Quote all lines below exactly. Images stay out.

•••••

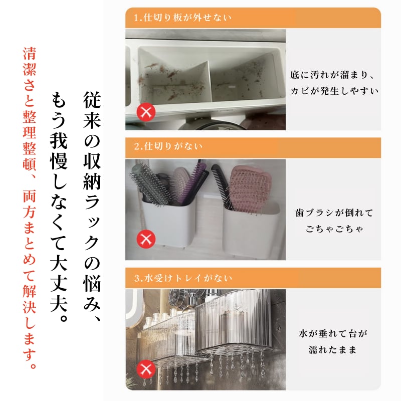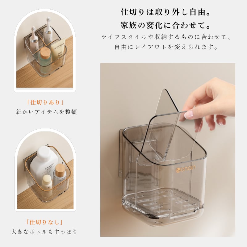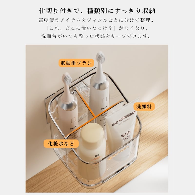 ✅ 【仕切りは自由にレイアウト】電動歯ブラシも洗顔料もすっきり
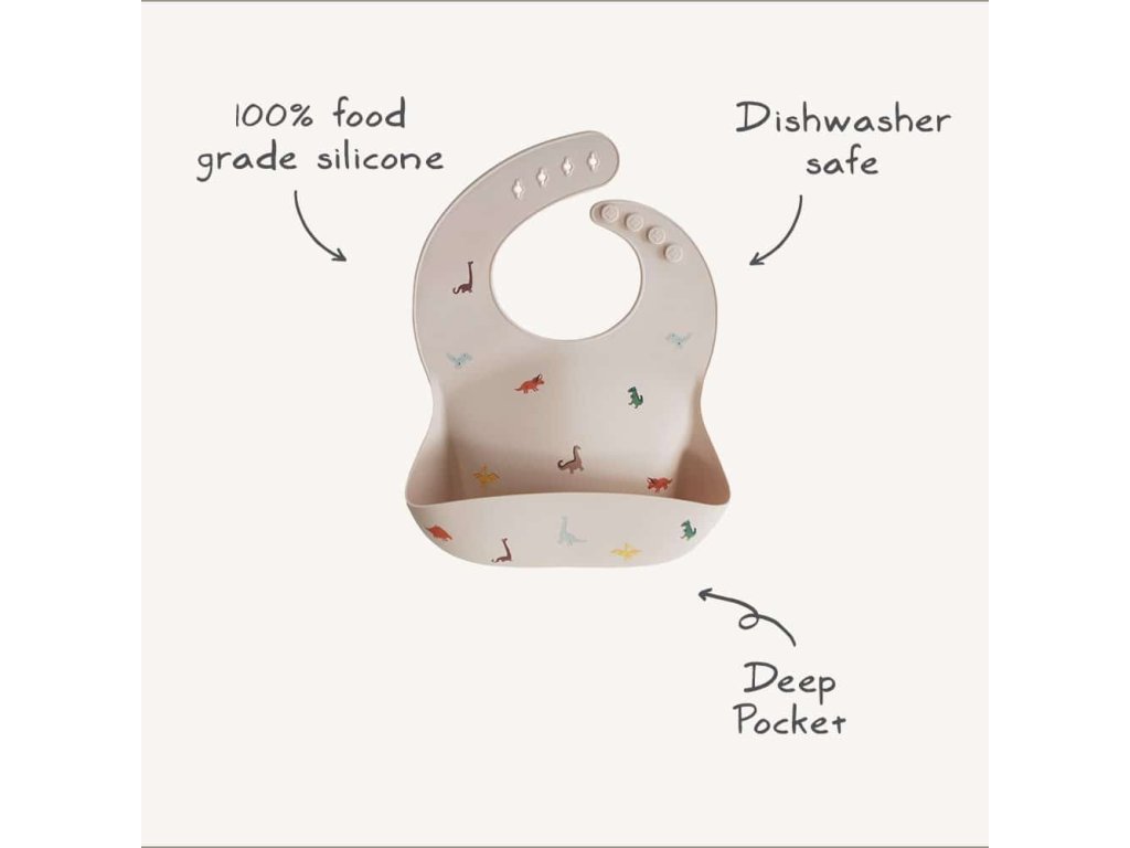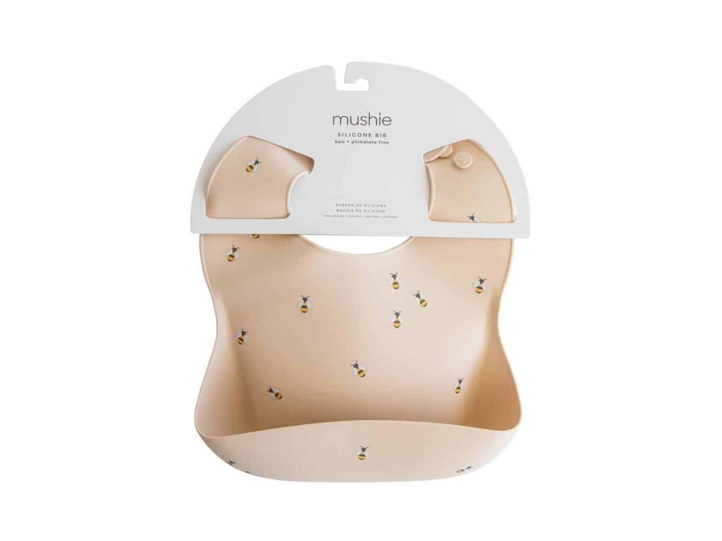 Praktický silikónový podbradník Mushie s hlbokým vreckom na zachytávanie jedla udrží dieťatko aj okolie čisté, je pohodlný na nosenie a dostupný v hravých a nadčasových dizajnoch.
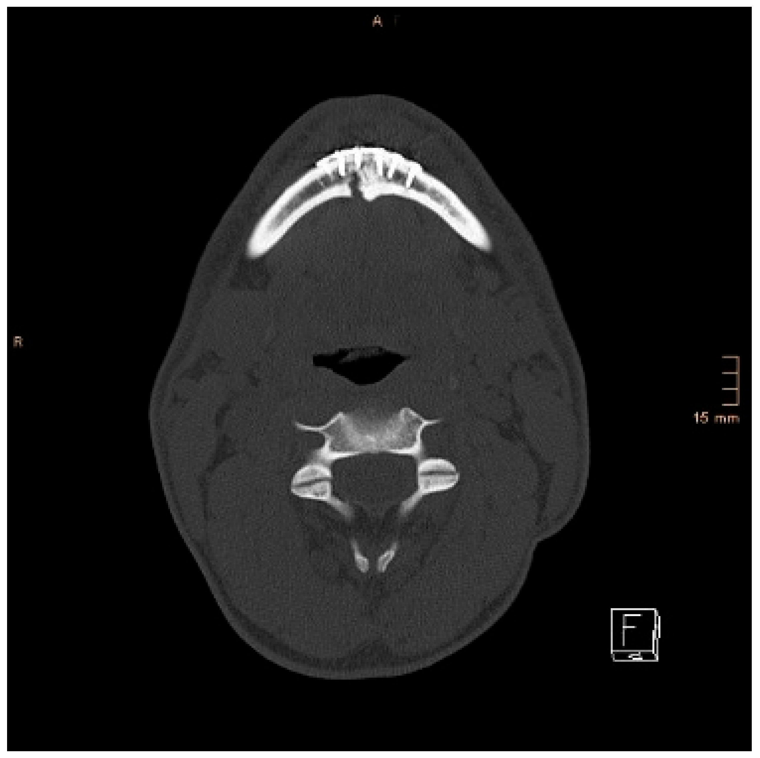 The presence of a gap at the lingual aspect (“lingual splaying”) in the symphysis/parasymphysis area or body after ORIF on the axial view of a CT scan. Less than 1 mm on the axial view was considered acceptable, and more than 1 mm was considered insufficient. When symphyseal/parasymphyseal or body fractures are plated with the buccal borders in contact, but the lingual borders separated (“lingual splaying”), the mandible “opens” similarly to a book with an increase in the intergonial distance and a broadening of the face. Some authors describe this phenomenon as a “widening of the mandible,” and it happens in the presence of a concomitant monolateral or bilateral condylar fracture (
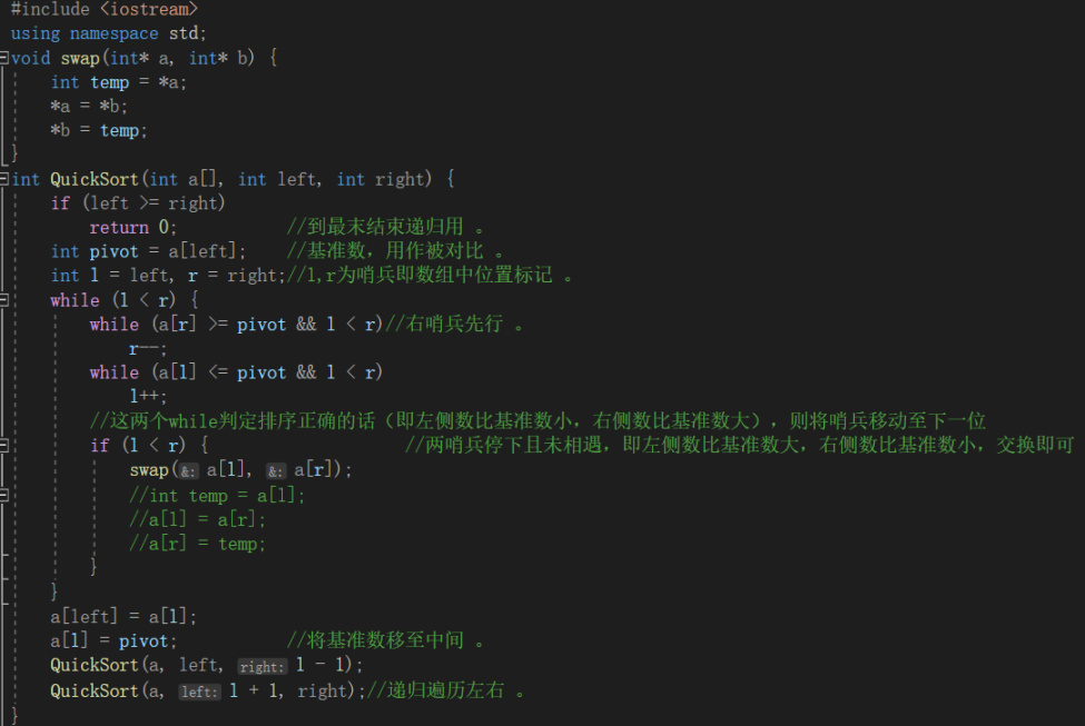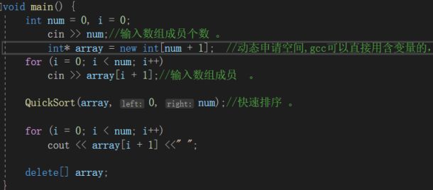 我们快速排序的函数是QuickSort(array[],begin,end);
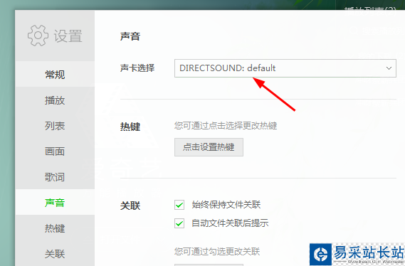 4、在設置的界面點擊聲音,可以看到聲卡選擇,這里的選擇默認的DIRECTSOUND;default,如圖所示
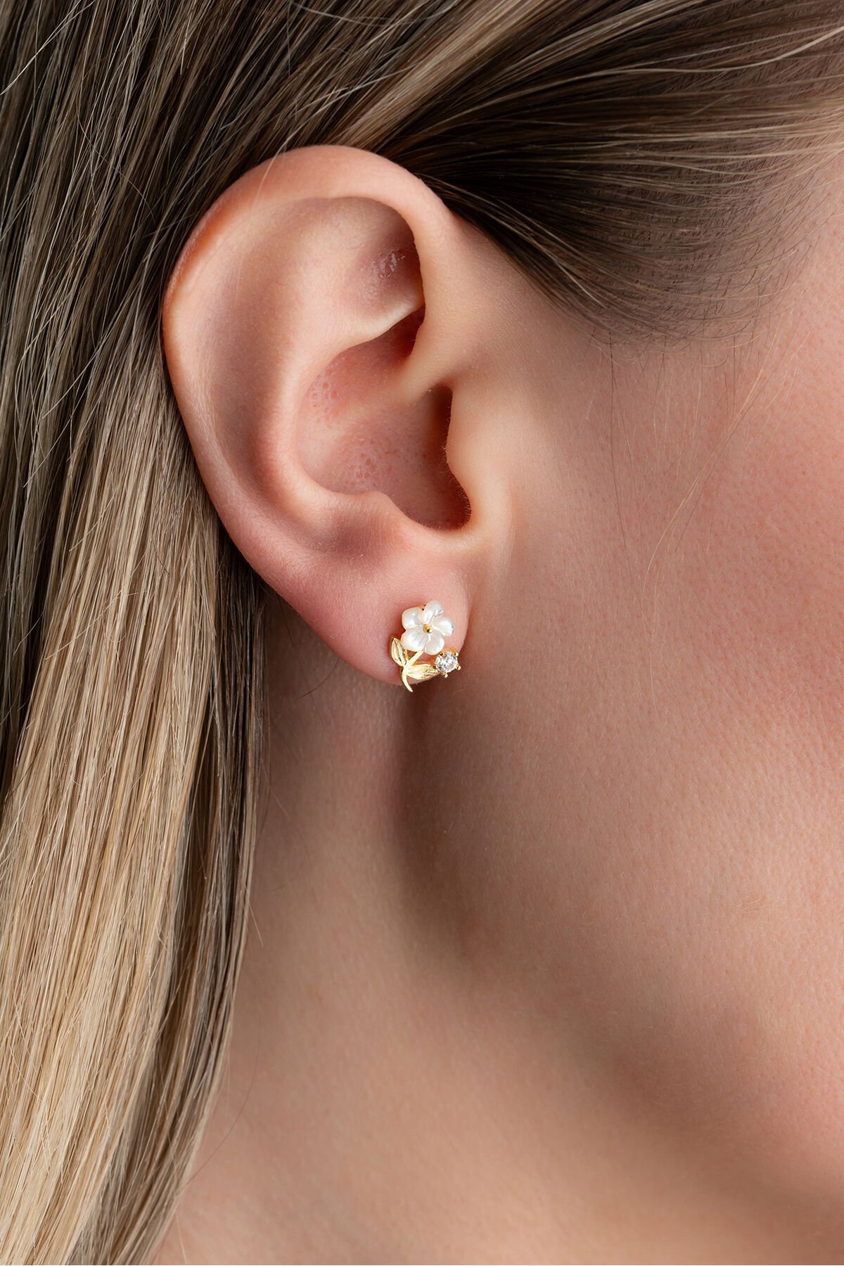 925 Ayar Gümüş Sedefli Çivili Küpe
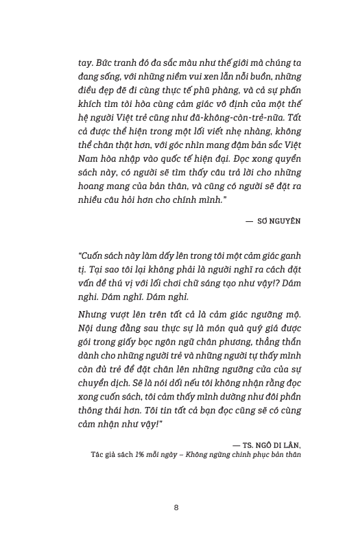 … Các mẩu chuyện nhỏ trong cuốn sách này có màu sắc chung là câu chuyện về những lựa chọn. Truyền thống hay phi truyền thống, mới hay cũ, tốt hay xấu, đúng hay sai là những đánh giá không có tính tuyệt đối. Chúng tùy thuộc vào hệ quy chiếu lăng kính, đối tượng, thời gian mà bạn chọn. Dám Nghi – Dám Nghĩ – Dám Nghỉ khuyến khích bạn gieo một sự hoài nghi vừa vặn để thôi thúc bạn đi tìm câu trả lời với một cái đầu mở, một trái tim nhạy cảm hồn nhiên để biết nghĩ cho bản thân cũng như cho người khác, và một sự dũng cảm để bỏ đi giá trị không còn đúng người đúng chỗ. Khi nói đến “Dám”, tôi cổ vũ sự thử nghiệm chừng mực và đề cao việc cân nhắc an toàn. Nói cách khác, tôi khuyến khích sự thử nghiệm liều lĩnh bứt phá theo tinh thần của các môn thể thao mạo hiểm: bạn nên trang bị thiết bị bảo hộ cần thiết, hỏi ý kiến chuyên gia và người có hiểu biết về pháp luật trước khi bắt đầu. Bạn cũng nên dự trù phương án xử lý sự cố. Dám nghi, dám nghĩ, dám nghỉ, hay dám hành động gì đi nữa chung quy cũng chỉ là để làm cho quỹ thời gian hữu hạn mỗi ngày trong cuộc đời này trở nên ý nghĩa nhất vì thời gian là nguồn tài nguyên quý giá nhất và không thể tái tạo lại của mỗi người. Tôi cảm ơn bạn vì đã dành thời gian cho quyển sách này.”

•••••

Answer space —
 ✅ 【仕切りは自由にレイアウト】電動歯ブラシも洗顔料もすっきり
 Praktický silikónový podbradník Mushie s hlbokým vreckom na zachytávanie jedla udrží dieťatko aj okolie čisté, je pohodlný na nosenie a dostupný v hravých a nadčasových dizajnoch.
 The presence of a gap at the lingual aspect (“lingual splaying”) in the symphysis/parasymphysis area or body after ORIF on the axial view of a CT scan. Less than 1 mm on the axial view was considered acceptable, and more than 1 mm was considered insufficient. When symphyseal/parasymphyseal or body fractures are plated with the buccal borders in contact, but the lingual borders separated (“lingual splaying”), the mandible “opens” similarly to a book with an increase in the intergonial distance and a broadening of the face. Some authors describe this phenomenon as a “widening of the mandible,” and it happens in the presence of a concomitant monolateral or bilateral condylar fracture (
 我们快速排序的函数是QuickSort(array[],begin,end);
 4、在設置的界面點擊聲音,可以看到聲卡選擇,這里的選擇默認的DIRECTSOUND;default,如圖所示
 925 Ayar Gümüş Sedefli Çivili Küpe
 … Các mẩu chuyện nhỏ trong cuốn sách này có màu sắc chung là câu chuyện về những lựa chọn. Truyền thống hay phi truyền thống, mới hay cũ, tốt hay xấu, đúng hay sai là những đánh giá không có tính tuyệt đối. Chúng tùy thuộc vào hệ quy chiếu lăng kính, đối tượng, thời gian mà bạn chọn. Dám Nghi – Dám Nghĩ – Dám Nghỉ khuyến khích bạn gieo một sự hoài nghi vừa vặn để thôi thúc bạn đi tìm câu trả lời với một cái đầu mở, một trái tim nhạy cảm hồn nhiên để biết nghĩ cho bản thân cũng như cho người khác, và một sự dũng cảm để bỏ đi giá trị không còn đúng người đúng chỗ. Khi nói đến “Dám”, tôi cổ vũ sự thử nghiệm chừng mực và đề cao việc cân nhắc an toàn. Nói cách khác, tôi khuyến khích sự thử nghiệm liều lĩnh bứt phá theo tinh thần của các môn thể thao mạo hiểm: bạn nên trang bị thiết bị bảo hộ cần thiết, hỏi ý kiến chuyên gia và người có hiểu biết về pháp luật trước khi bắt đầu. Bạn cũng nên dự trù phương án xử lý sự cố. Dám nghi, dám nghĩ, dám nghỉ, hay dám hành động gì đi nữa chung quy cũng chỉ là để làm cho quỹ thời gian hữu hạn mỗi ngày trong cuộc đời này trở nên ý nghĩa nhất vì thời gian là nguồn tài nguyên quý giá nhất và không thể tái tạo lại của mỗi người. Tôi cảm ơn bạn vì đã dành thời gian cho quyển sách này.”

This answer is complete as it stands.